Selon cette équipe d'économistes : « Alors que cette méta-analyse conclut que les confinements ont eu peu ou pas d'effets sur la santé publique, ils ont imposé d'énormes coûts économiques et sociaux là où ils ont été adoptés. En conséquence, les politiques de confinement sont mal fondées et doivent être rejetées en tant qu'institut de politique pandémique. »

Cela fait maintenant plus de deux ans que des alarmes ont été tirées pour la première fois dans le monde à propos d'un nouveau virus. Même le Dr Anthony Fauci, directeur de l'Institut national des allergies et des maladies infectieuses, qui a pratiquement été le visage américain de la politique COVID, a récemment admis que nous ne pouvons pas détruire le virus.

"Il ne sera pas éradiqué et il ne sera pas éliminé", a déclaré Fauci à ABC's This Week. « ... [C]haque individu va devoir calculer le degré de risque qu'il veut prendre... »

La dictature mène à des décisions stupides comme le verrouillage actuel, erroné, anti-scientifique et inhumain en Chine. Les humains doivent être autorisés à avoir le libre arbitre et à décider par eux-mêmes.

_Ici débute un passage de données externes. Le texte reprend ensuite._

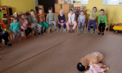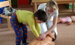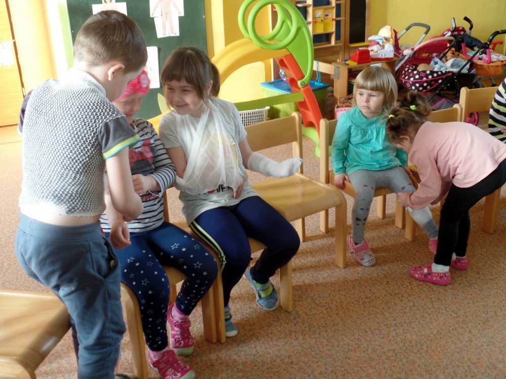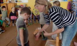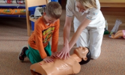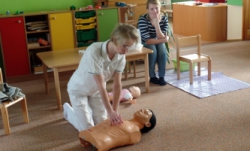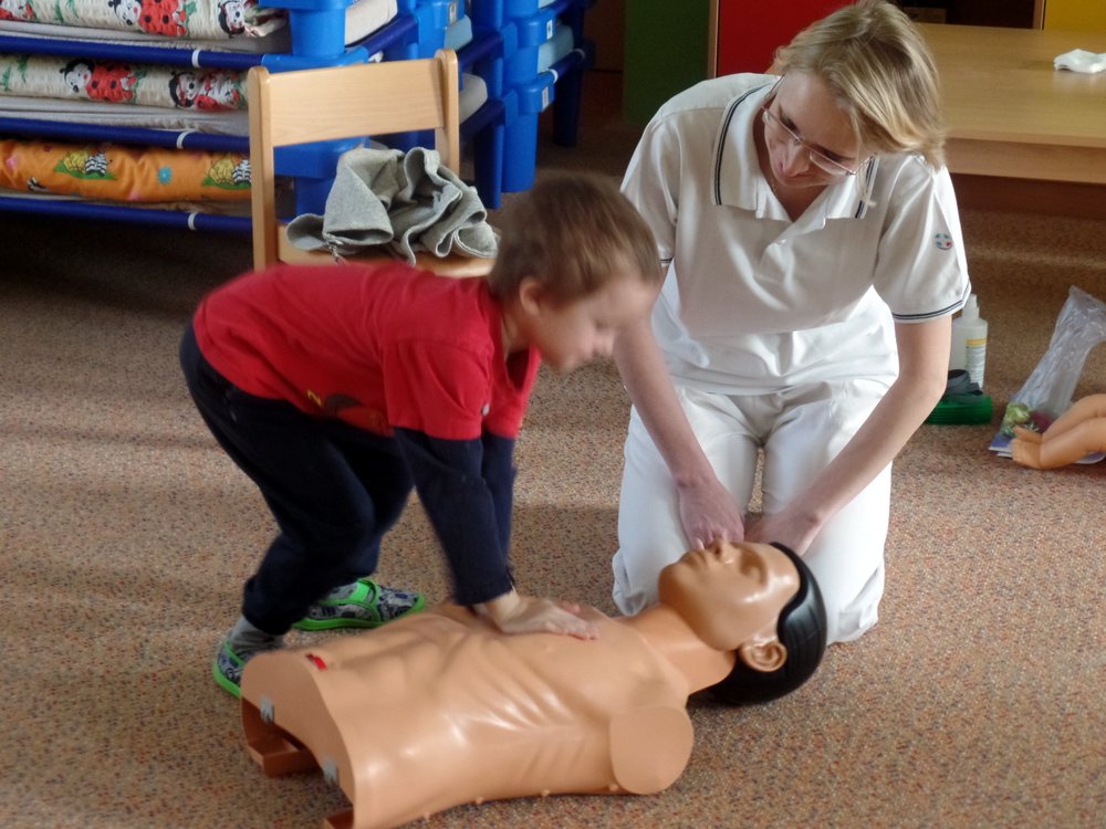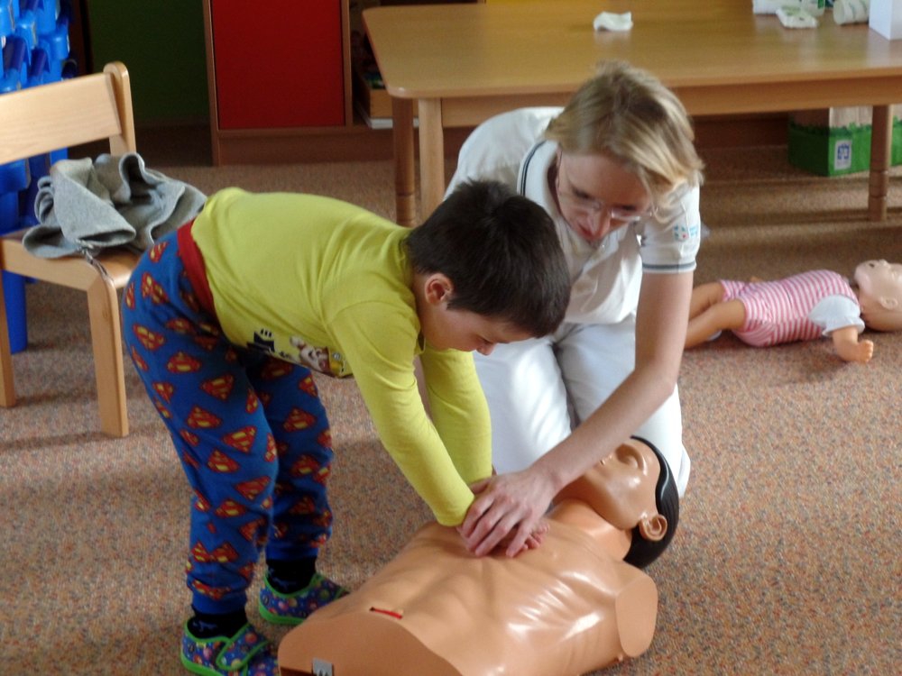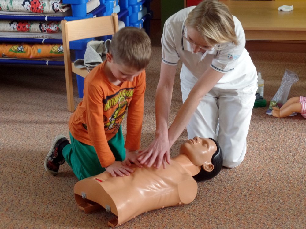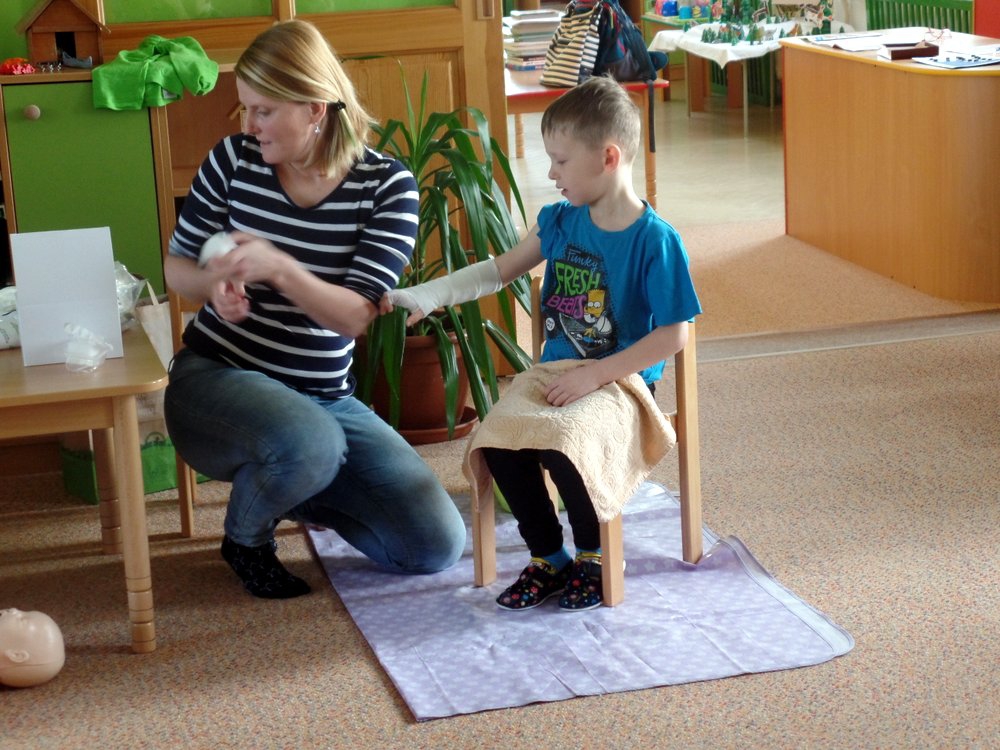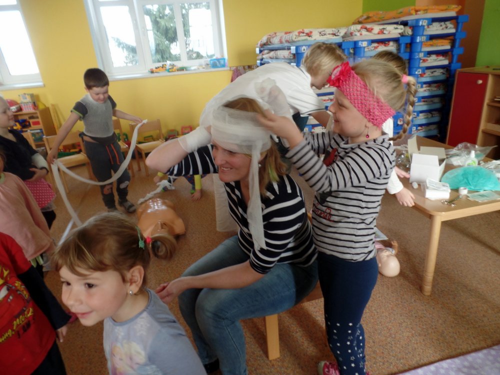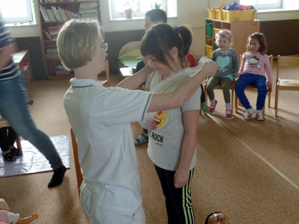 Následovala názorná praktická ukázka masáže srdce na „Andule“. Do praktické části besedy se již zapojily i děti a  masáž srdce si postupně také vyzkoušely. Zahrály si se sestřičkami na chirurgickou ambulanci, kde si vzájemně  pod vedením odbornic ve skupinkách ošetřovaly všelijaká zranění a úrazy pomocí obvazů, náplastí apod. Jeden dobrovolník si také vyzkoušel, jaké to je mít na ruce opravdovou sádru.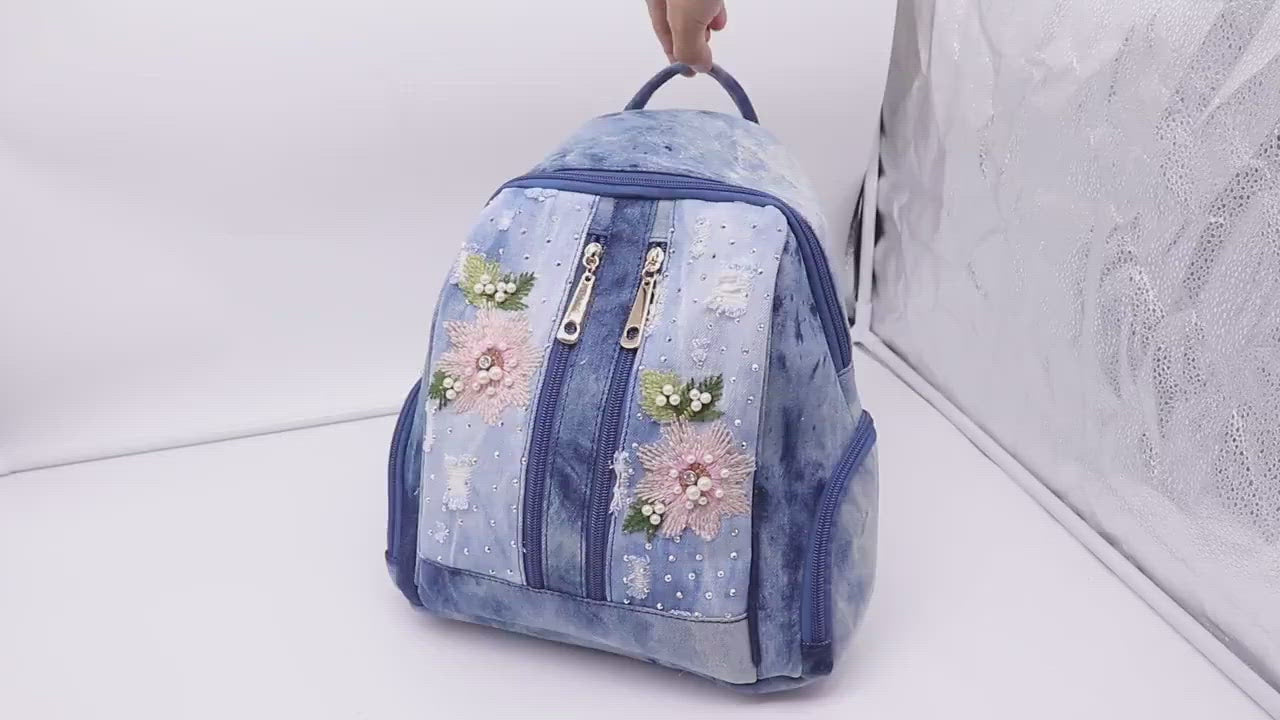 תיק מעצב מג'ינס מקורי בגיזרה קלילה ונשית בשילוב טלאי פרחים וחרוזי פנינה - לה איסלה
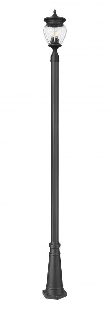 Consider this three-light outdoor post-mounted light to add elegance along with soft illumination in your landscaping. Updating a back or front yard with dimmable lighting, this slender fixture pairs an aluminum post and light frame with a Coastal black paint finish. Ribbed glass creates a teardrop silhouette for its shade, delivering the perfect dose of romantic character to your exterior space.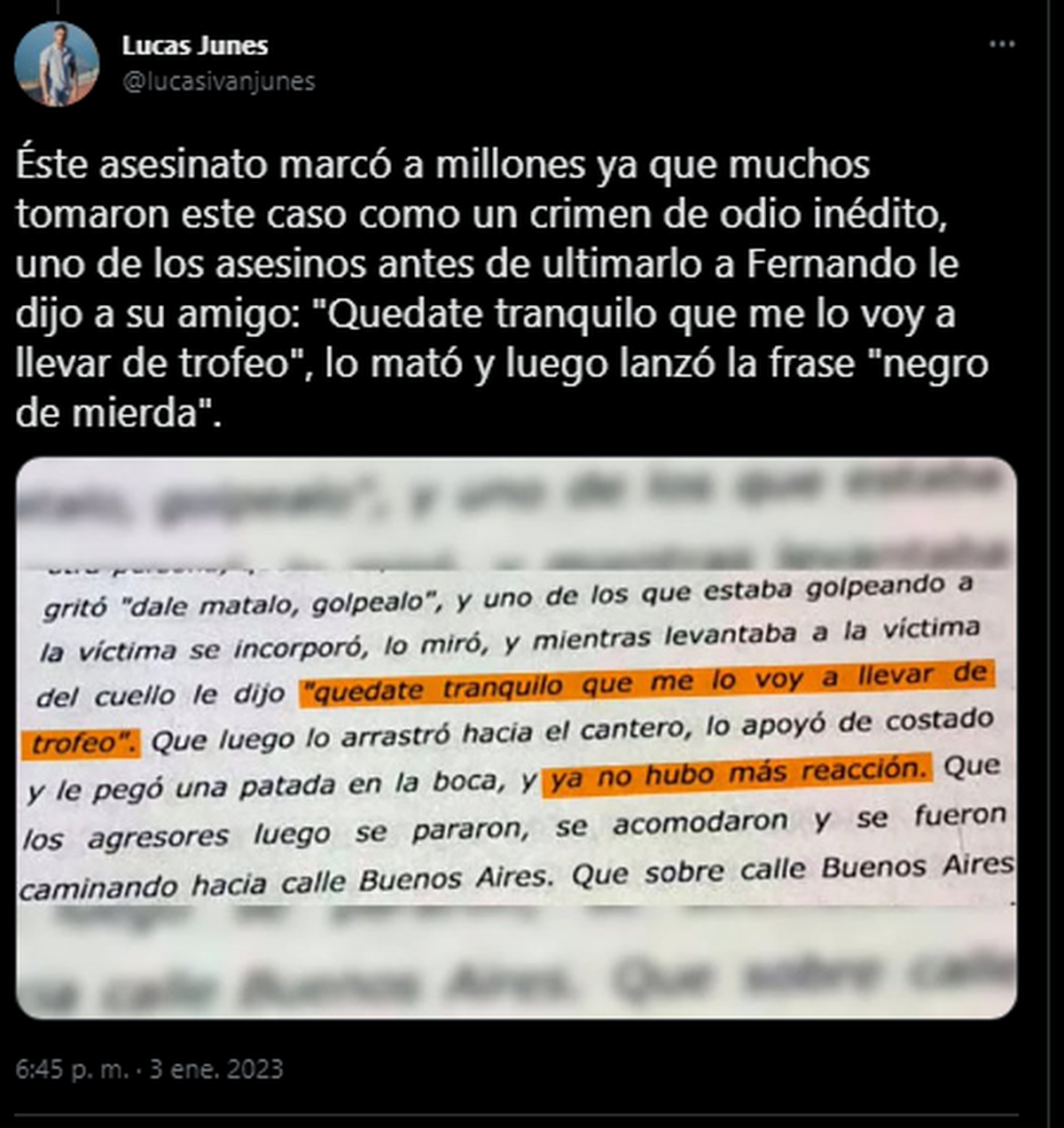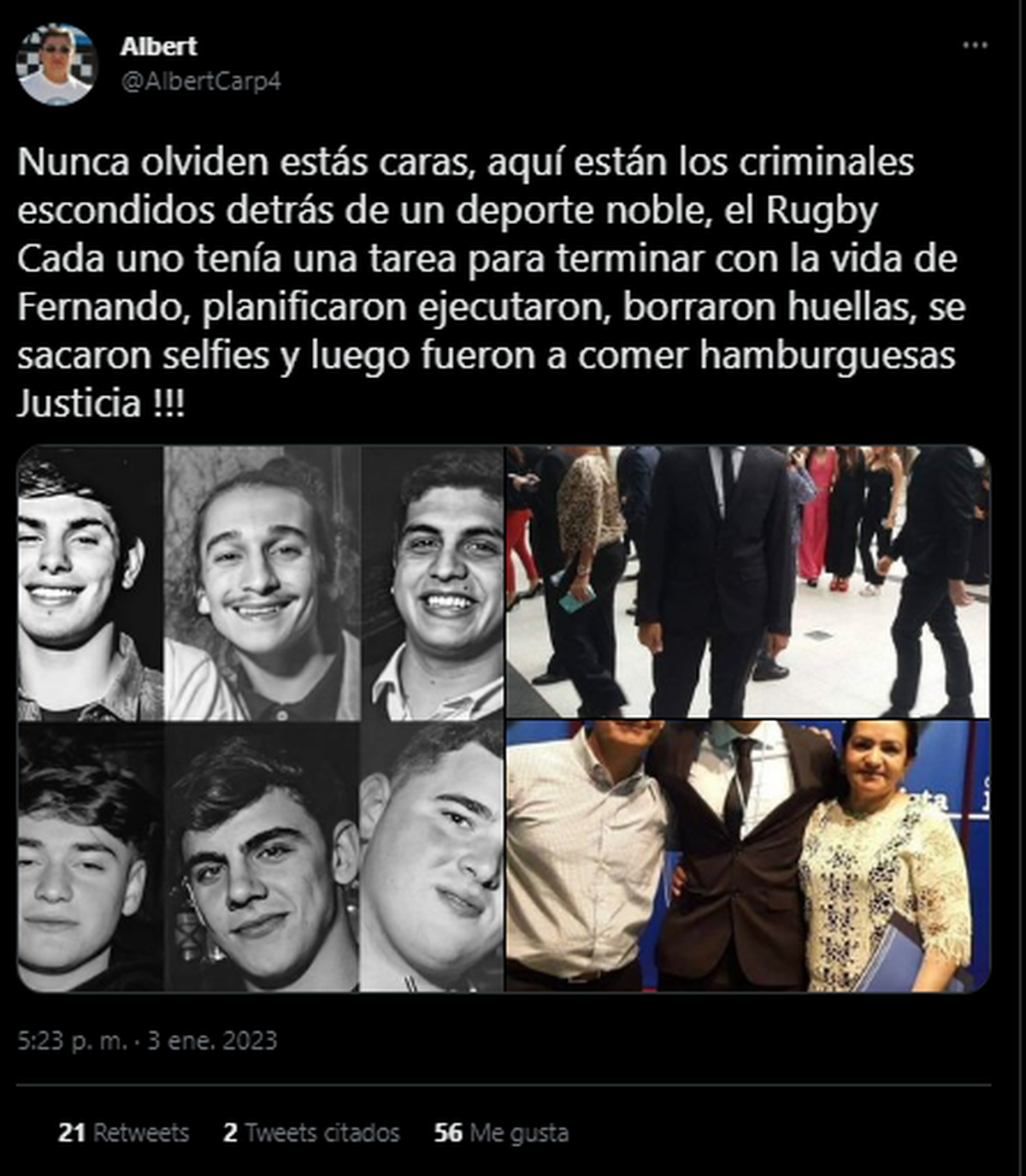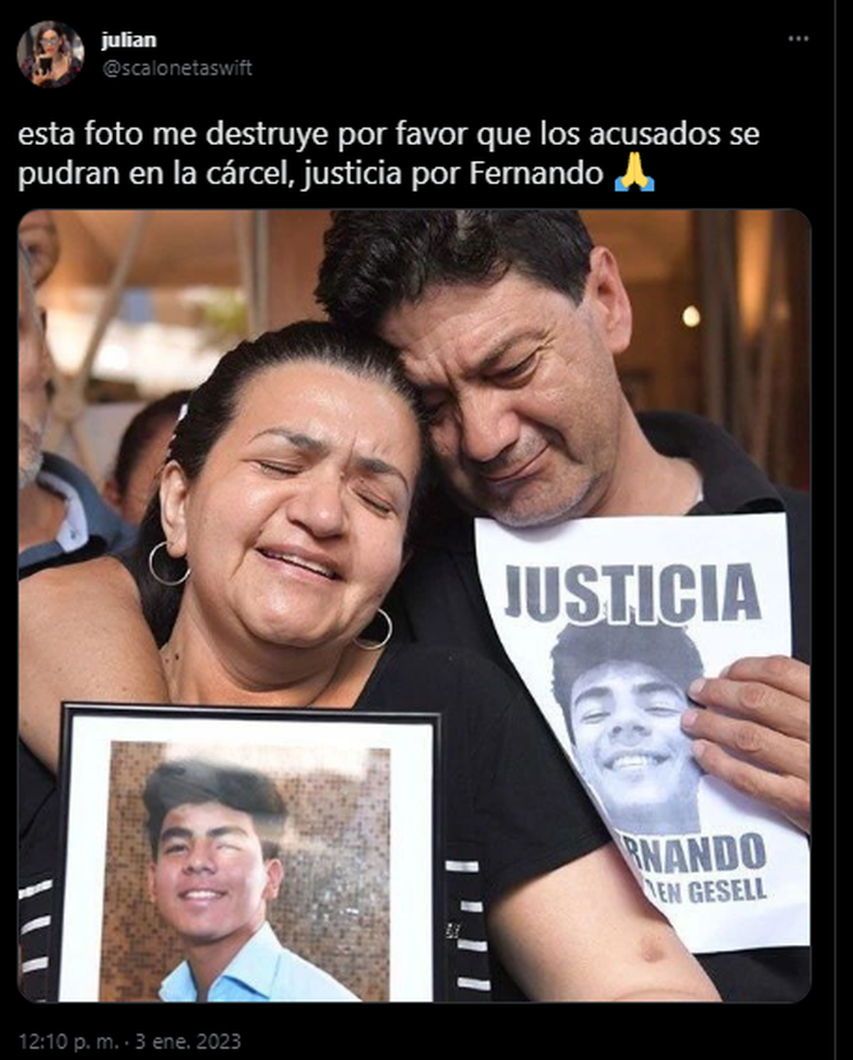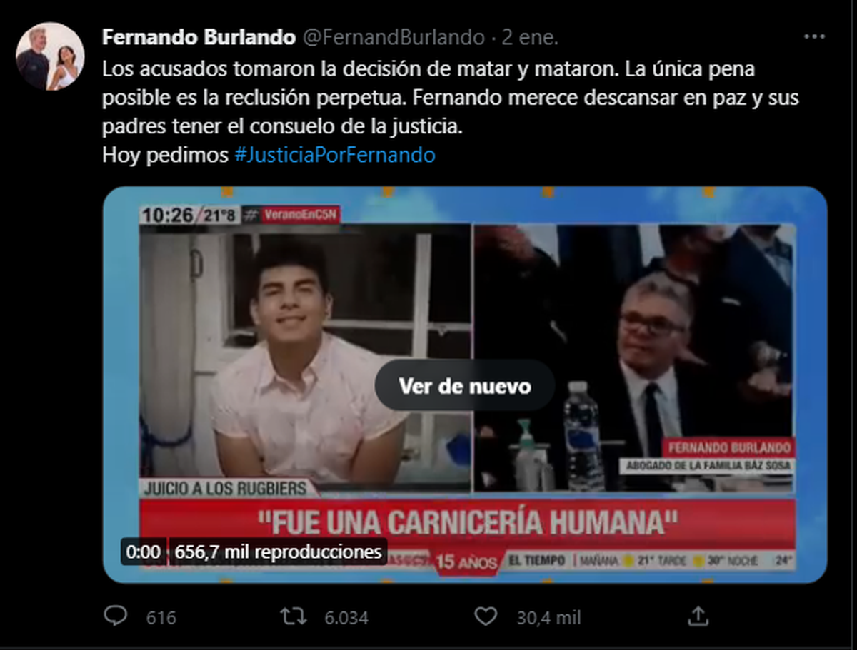 En Twitter el abogado Burlando escribía: “Los acusados tomaron la decisión de matar y mataron. La única pena posible es la reclusión perpetua. Fernando merece descansar en paz y sus padres tener el consuelo de la justicia”.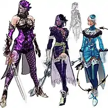 Ivy's alternate character designs in the games are a contrast to her primary designs, with the secondary from Soulcalibur to Soulcalibur III consisting of countess attire of either blue or red pants, vest, and jacket, with white boots covering her feet and her hair combed back. In Soulcalibur II, a tertiary alternate design was added consisting of a red leotard and gloves with gold trimming, with red stockings on her legs; in addition, a fourth design resembling her appearance at the conclusion of Soulcalibur was considered, incorporating a cloak and the symbol of caduceus on the front of her leotard cupping her breasts, but was unused.[21] In Soulcalibur III, a long, rose-themed dress with hat and veil was used as a tertiary alternate, one of several considered designs.[22] For Soulcalibur IV, a similarly themed black dress was used as her sole alternate design for the game.[19]

L'Occident ne doit pas - jamais - revenir à des politiques de confinement qui ont nui à plus de personnes qu'elles n'en ont bénéficié.

Il est temps que les gouvernements du monde entier commencent à prêter attention aux données et permettent aux gens de revivre leur vie. Pour le bien de la vie du peuple chinois, moi, ancien résident de la grande ville de Shanghai, j'appelle le PCC et Xi Jinping à mettre fin aux confinements draconiens à Shanghai et ailleurs en Chine.

Jennifer Margulis a contribué à ce rapport publié pour la première fois en Epoch Times.



Publié sous un Licence internationale Creative Commons Attribution 4.0
Pour les réimpressions, veuillez rétablir le lien canonique vers l'original Institut Brownstone Article et auteur.

Auteur

  • Joe Wang

    Joe Wang, Ph.D., était scientifique principal pour le projet de vaccin contre le SRAS de Sanofi Pasteur en 2003. Il est maintenant président de New Tang Dynasty TV (Canada), un partenaire médiatique d'Epoch Times.